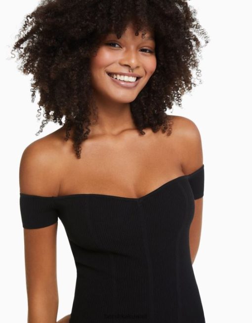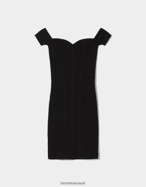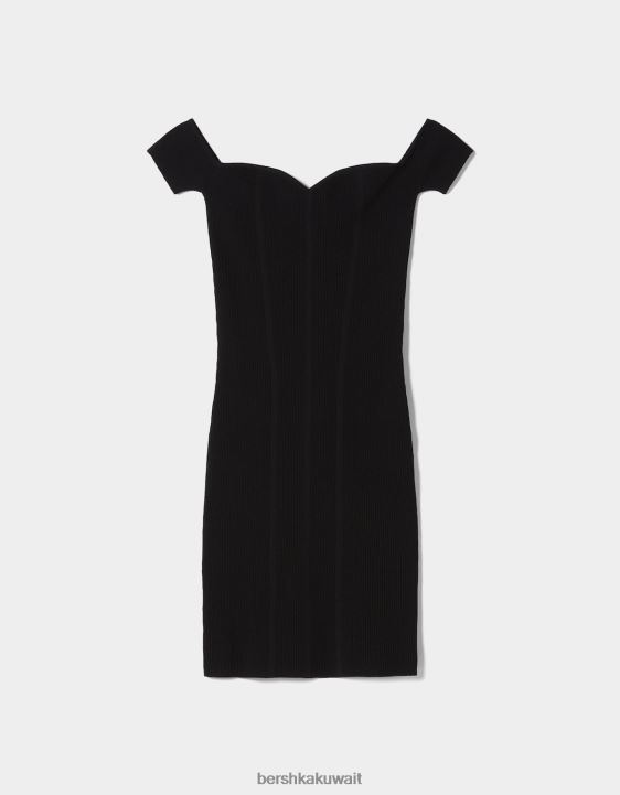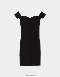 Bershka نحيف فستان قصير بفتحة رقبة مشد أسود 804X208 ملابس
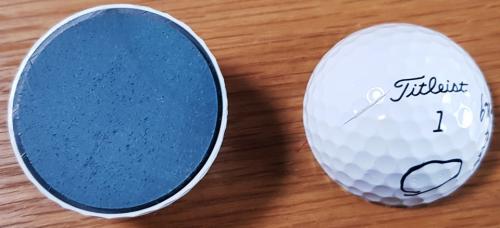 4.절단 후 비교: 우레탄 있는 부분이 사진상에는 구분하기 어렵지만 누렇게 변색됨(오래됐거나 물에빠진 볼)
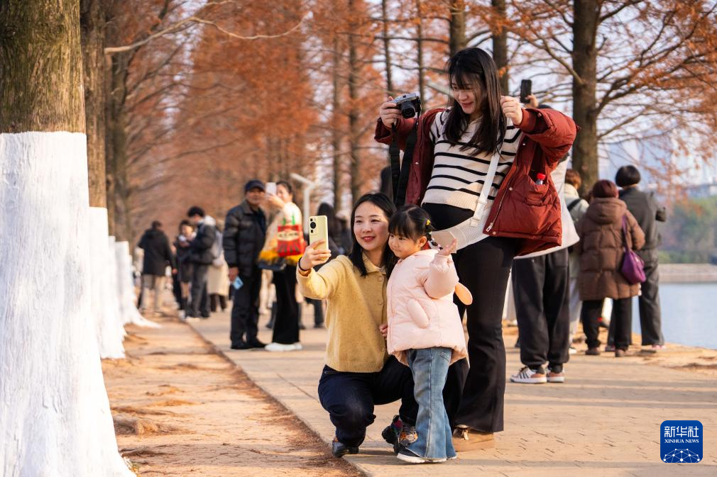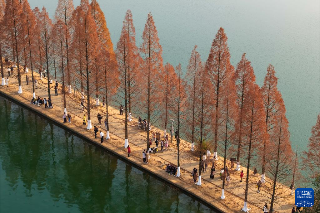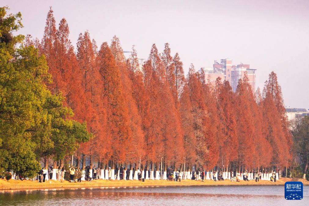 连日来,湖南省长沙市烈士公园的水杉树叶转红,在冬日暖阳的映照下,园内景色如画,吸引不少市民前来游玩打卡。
########################################
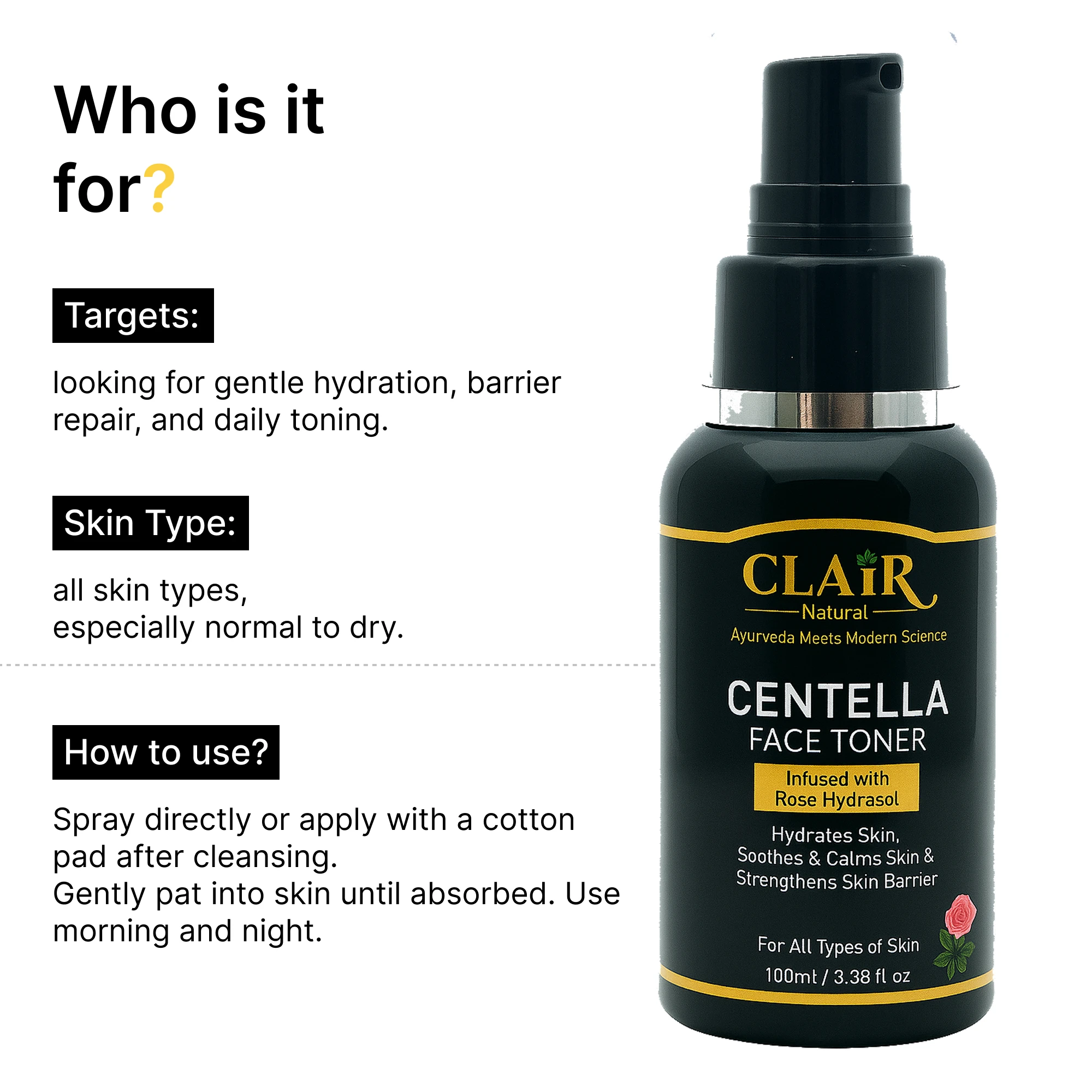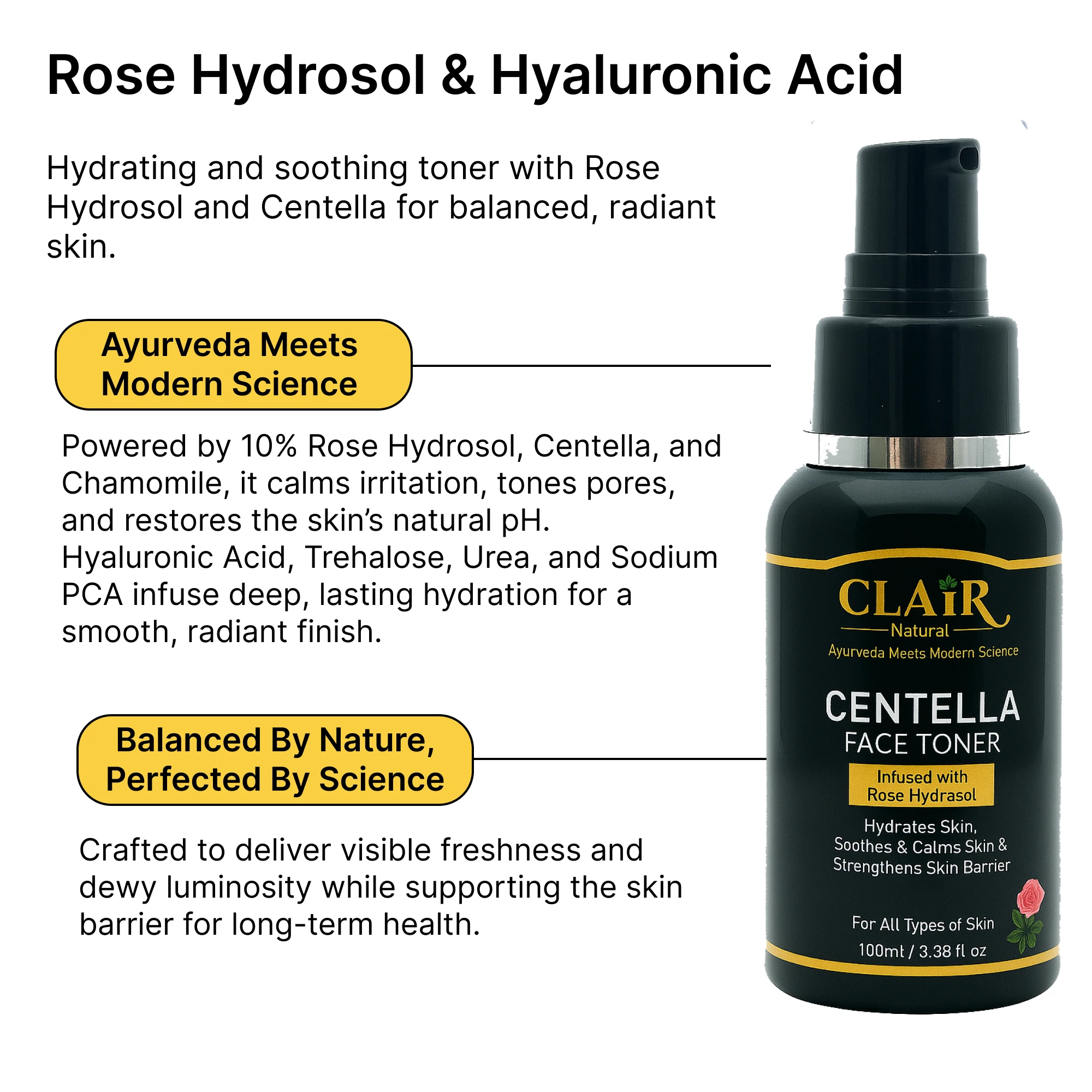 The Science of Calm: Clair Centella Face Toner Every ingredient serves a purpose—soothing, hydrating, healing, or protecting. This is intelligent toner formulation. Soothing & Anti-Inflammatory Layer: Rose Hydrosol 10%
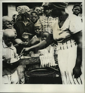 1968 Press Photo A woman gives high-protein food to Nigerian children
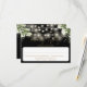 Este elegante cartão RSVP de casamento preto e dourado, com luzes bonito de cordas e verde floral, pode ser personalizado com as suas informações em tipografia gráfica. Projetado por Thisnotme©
########################################
:: WORK TO BE COMPLETED ::
Write out, word for word, the stretch of entries that begins at the line with "Bershka نحيف فستان" and ends at the line with "连日来,湖南省长沙市烈士公园". Pictures do not belong in it.

:: COMPLETED EXERCISE ::
 Bershka نحيف فستان قصير بفتحة رقبة مشد أسود 804X208 ملابس
 4.절단 후 비교: 우레탄 있는 부분이 사진상에는 구분하기 어렵지만 누렇게 변색됨(오래됐거나 물에빠진 볼)
 连日来,湖南省长沙市烈士公园的水杉树叶转红,在冬日暖阳的映照下,园内景色如画,吸引不少市民前来游玩打卡。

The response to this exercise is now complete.